#### ACTIVITY
Search the entries below for the string "with" and copy the lines that hold it.

#### DATA RECORDS
Content starts

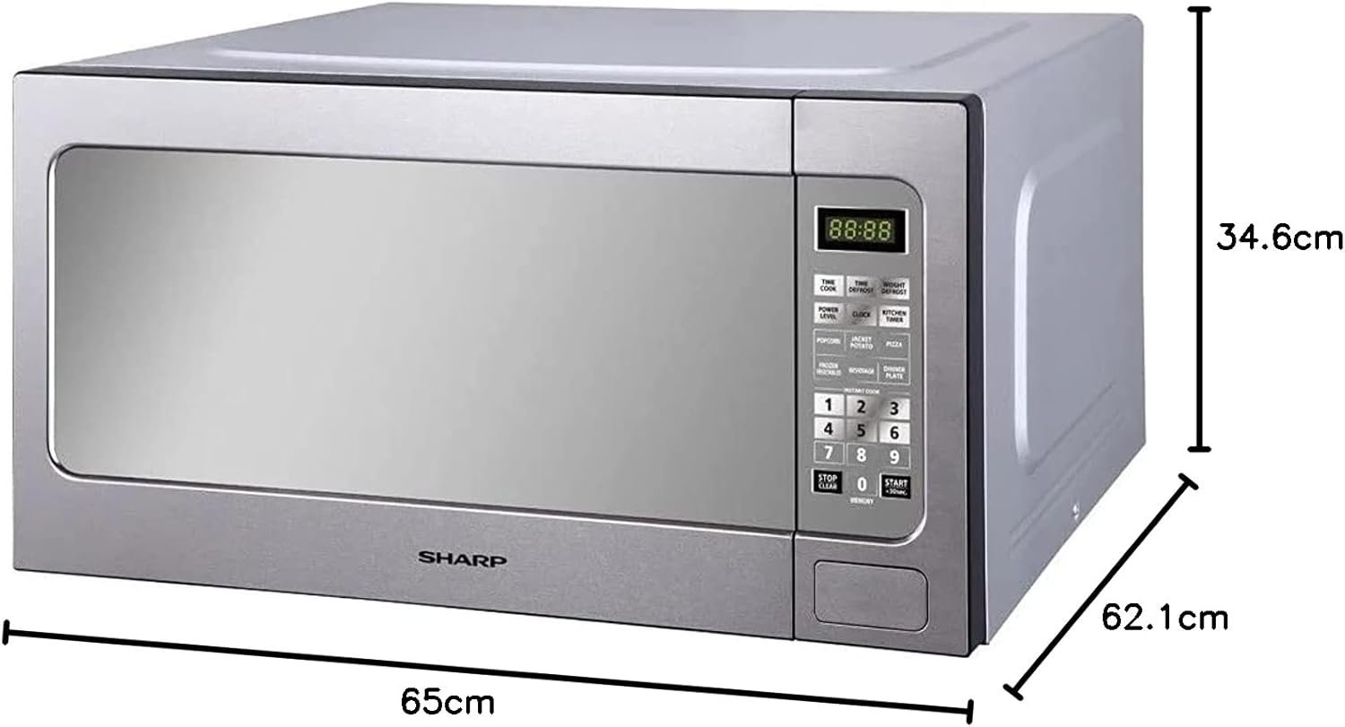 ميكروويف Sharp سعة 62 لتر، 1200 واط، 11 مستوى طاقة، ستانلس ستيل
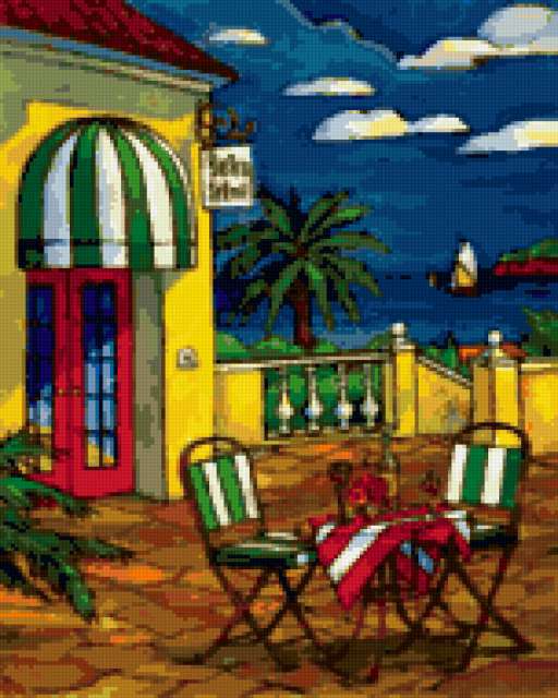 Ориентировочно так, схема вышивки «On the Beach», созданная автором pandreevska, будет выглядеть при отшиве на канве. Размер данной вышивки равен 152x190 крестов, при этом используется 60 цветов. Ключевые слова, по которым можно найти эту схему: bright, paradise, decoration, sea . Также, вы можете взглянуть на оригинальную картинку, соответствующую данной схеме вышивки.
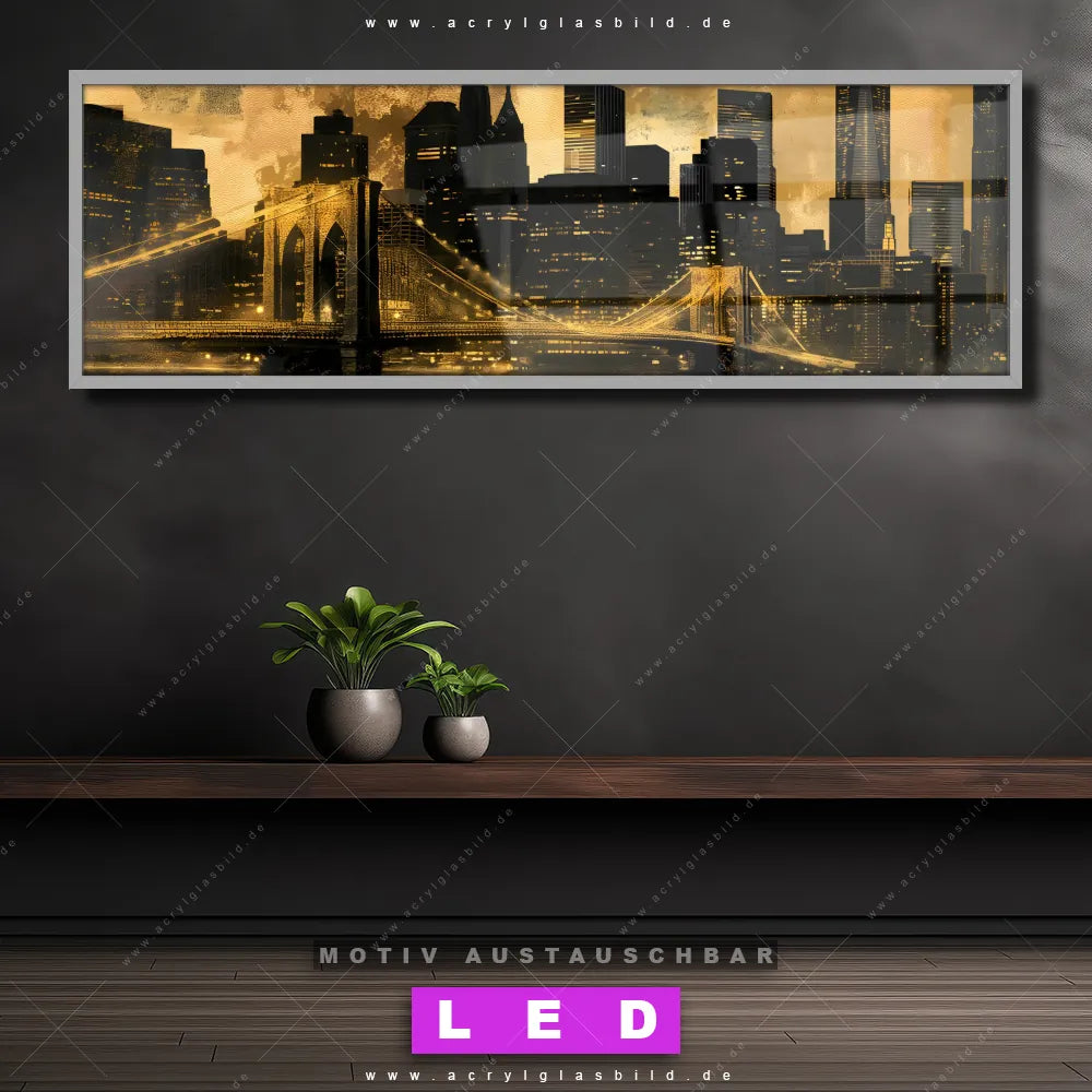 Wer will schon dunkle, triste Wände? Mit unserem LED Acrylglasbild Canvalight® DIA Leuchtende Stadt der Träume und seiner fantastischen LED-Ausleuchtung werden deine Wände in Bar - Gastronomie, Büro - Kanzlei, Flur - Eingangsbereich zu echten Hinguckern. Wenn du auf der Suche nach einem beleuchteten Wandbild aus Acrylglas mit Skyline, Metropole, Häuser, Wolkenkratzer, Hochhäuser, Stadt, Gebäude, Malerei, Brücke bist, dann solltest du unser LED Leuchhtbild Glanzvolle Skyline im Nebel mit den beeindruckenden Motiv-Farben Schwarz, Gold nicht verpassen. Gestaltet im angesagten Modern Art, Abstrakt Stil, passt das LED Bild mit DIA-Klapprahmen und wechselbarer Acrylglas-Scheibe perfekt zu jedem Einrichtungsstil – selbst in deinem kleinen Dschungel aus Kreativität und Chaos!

Content ends
Content starts

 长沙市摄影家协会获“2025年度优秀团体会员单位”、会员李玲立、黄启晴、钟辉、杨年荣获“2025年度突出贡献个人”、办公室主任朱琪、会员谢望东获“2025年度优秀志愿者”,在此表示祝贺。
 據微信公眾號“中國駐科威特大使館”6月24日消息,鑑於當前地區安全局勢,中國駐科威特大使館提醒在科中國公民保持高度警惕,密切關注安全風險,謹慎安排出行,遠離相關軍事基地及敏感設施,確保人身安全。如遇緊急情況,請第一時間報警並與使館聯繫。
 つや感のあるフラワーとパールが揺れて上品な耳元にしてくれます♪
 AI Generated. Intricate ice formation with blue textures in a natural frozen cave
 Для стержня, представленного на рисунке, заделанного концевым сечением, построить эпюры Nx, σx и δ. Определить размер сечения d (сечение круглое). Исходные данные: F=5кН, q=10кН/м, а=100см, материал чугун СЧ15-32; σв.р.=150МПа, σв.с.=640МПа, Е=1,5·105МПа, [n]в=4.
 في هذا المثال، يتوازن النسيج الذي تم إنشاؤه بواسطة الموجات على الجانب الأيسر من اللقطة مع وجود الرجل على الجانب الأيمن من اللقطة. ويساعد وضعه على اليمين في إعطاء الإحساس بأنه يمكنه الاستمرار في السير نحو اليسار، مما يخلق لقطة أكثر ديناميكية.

Content ends
Content starts

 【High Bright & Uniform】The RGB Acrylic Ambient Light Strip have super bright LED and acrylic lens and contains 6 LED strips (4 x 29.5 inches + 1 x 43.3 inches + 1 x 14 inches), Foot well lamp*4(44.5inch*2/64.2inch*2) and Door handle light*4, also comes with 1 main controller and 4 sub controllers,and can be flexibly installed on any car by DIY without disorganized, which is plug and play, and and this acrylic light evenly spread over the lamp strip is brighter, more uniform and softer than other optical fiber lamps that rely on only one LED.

Content ends

#### WRITTEN ANSWER
 AI Generated. Intricate ice formation with blue textures in a natural frozen cave
 【High Bright & Uniform】The RGB Acrylic Ambient Light Strip have super bright LED and acrylic lens and contains 6 LED strips (4 x 29.5 inches + 1 x 43.3 inches + 1 x 14 inches), Foot well lamp*4(44.5inch*2/64.2inch*2) and Door handle light*4, also comes with 1 main controller and 4 sub controllers,and can be flexibly installed on any car by DIY without disorganized, which is plug and play, and and this acrylic light evenly spread over the lamp strip is brighter, more uniform and softer than other optical fiber lamps that rely on only one LED.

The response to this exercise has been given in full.